Las sábanas esbozaron una reverencia.

—¿Sí, señora?

Magrat levantó una parte de la pila de sábanas.

—Soy yo, Magrat —dijo—. Hola.

—Sí, señora. —Otro subir y bajar de las sábanas.

—¿Se puede saber qué te pasa, Millie?

—Sí, señora. —Arriba, abajo. Arriba, abajo.

—Te he dicho que soy yo. No hace falta que me mires así.

—Sí, señora.

El montón de sábanas seguía subiendo y bajando nerviosamente. Magrat descubrió que sus rodillas se flexionaban en una reacción de simpatía, pero iban un poco retrasadas, por lo que cuando iniciaba la bajada se encontraba con que la muchacha ya estaba iniciando la subida.

—Vuelve a decir «sí, señora» y te aseguro que lo lamentarás —consiguió decir Magrat.

—Sí, se… Muy bien, su majestad, señora.

Una tenue comprensión empezó a brillar en la mente de Magrat.

—Todavía no soy reina, Millie. Y nos conocemos desde hace veinte años —jadeó, iniciando la subida.

—Sí. Pero va a ser reina, así que mamá me ha dicho que tenía que ser muy respetuosa con usted —dijo Millie, sin dejar de hacer nerviosas reverencias.

—Oh. Bueno. De acuerdo. ¿Dónde está mi ropa?

—La tengo aquí, pre-majestad.

—Esta no es mi ropa. Y haz el favor de dejar de subir y bajar todo el rato. Estoy un poco mareada.

—El rey la ha hecho traer especialmente de Sto Helit, señora.

—Eso hizo, ¿eh? ¿Cuánto hace de eso?

—No sé, señora.

Verence sabía que yo volvía a casa, pensó Magrat. ¿Cómo? ¿Qué está pasando aquí?

Había muchos más encajes de los que Magrat estaba acostumbrada a usar, pero eso era, por así decirlo, la guinda en el pastel. Magrat solía llevar un vestido sencillo debajo del cual no había gran cosa aparte de Magrat. Las grandes damas no podían permitirse ir vestidas de esa manera. Millie había recibido una especie de diagrama técnico, pero no era de gran ayuda.

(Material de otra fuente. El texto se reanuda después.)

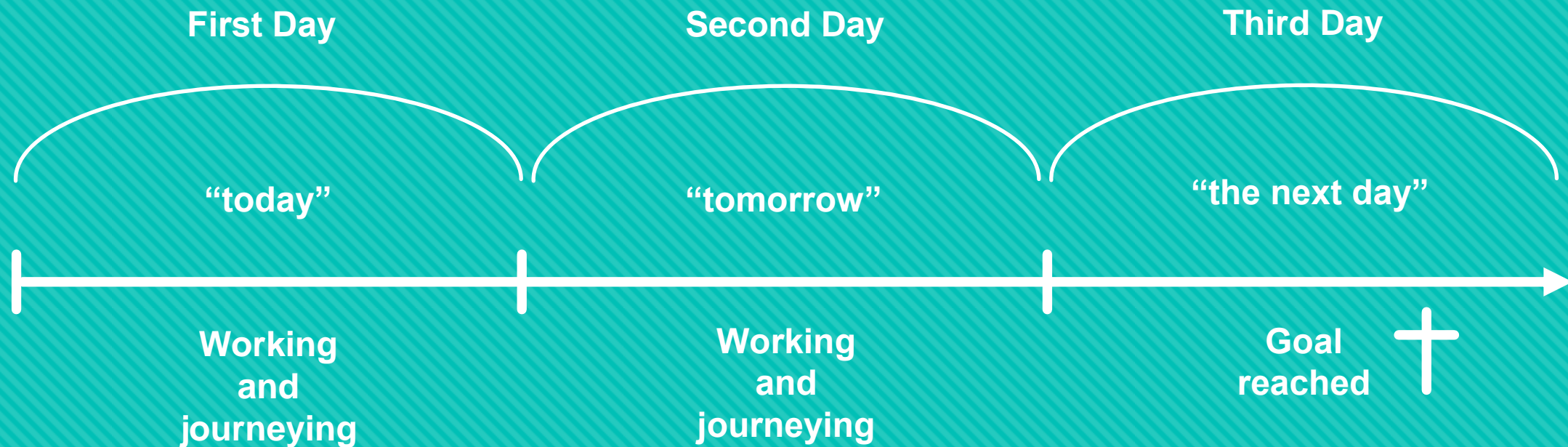
The three days in Mark 13:31-34
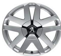
17" Oltis Alloy
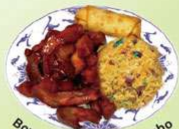
Boneless Spareribs Combo
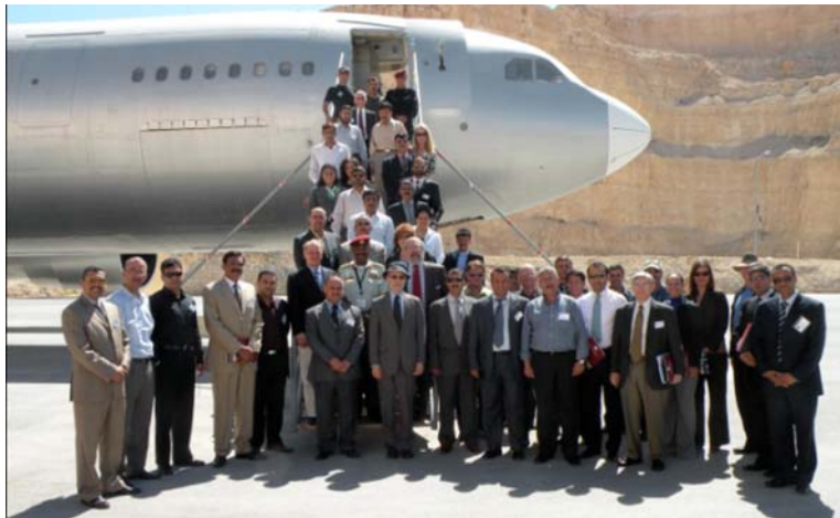
USCENTCOM Continuing Engagement Symposium Participants at the King Abdullah II Special Operations Training Center (KASOTC)

issues relevant to the USCENTCOM region. Three days of presentations by students and SMEs provided a rich framework for discussion. Thirty-five past participants attended, representing Afghanistan, Iraq, Jordan, Kazakhstan, Pakistan and Yemen.

Lo estudiaron durante un rato.

—¿Y esto es el atuendo habitual de una reina?

—No sabría deciros, señora. Creo que su majestad se limitó a mandarles un montón de dinero y dijo que se lo enviaran todo.

Fueron extendiendo las distintas secciones encima del suelo.

—¿Esto son las pantuflas?

Fuera, en las almenas, había llegado el momento del cambio de guardia. Fue un momento muy breve, ya que el cambio se redujo a que el guardia se pusiera el delantal de jardinero para ir a escardar las judías. Mientras tanto, dentro estaba teniendo lugar una animada discusión acerca de la indumentaria.

—Me parece que se las ha puesto del revés, señora. ¿Qué parte es el miriñaque?

—Aquí pone que hay que insertar la presilla A en la ranura B, pero no consigo encontrar la ranura B. Y estas otras cosas parecen alforjas. No pienso llevarlas. ¿Y qué es esto?

—Es la gorguera, señora. Hum. Mi hermano dice que están causando auténtico furor en Sto Helit.

—¿Quieres decir que ponen furiosa a la gente? ¿Y esto qué es?

—Brocado, creo.

—Parece cartón. ¿He de llevar encima todo esto cada día?

—Le aseguro que no lo sé, señora.

—¡Pero Verence va por el castillo con unos pantalones de cuero y una chaqueta vieja!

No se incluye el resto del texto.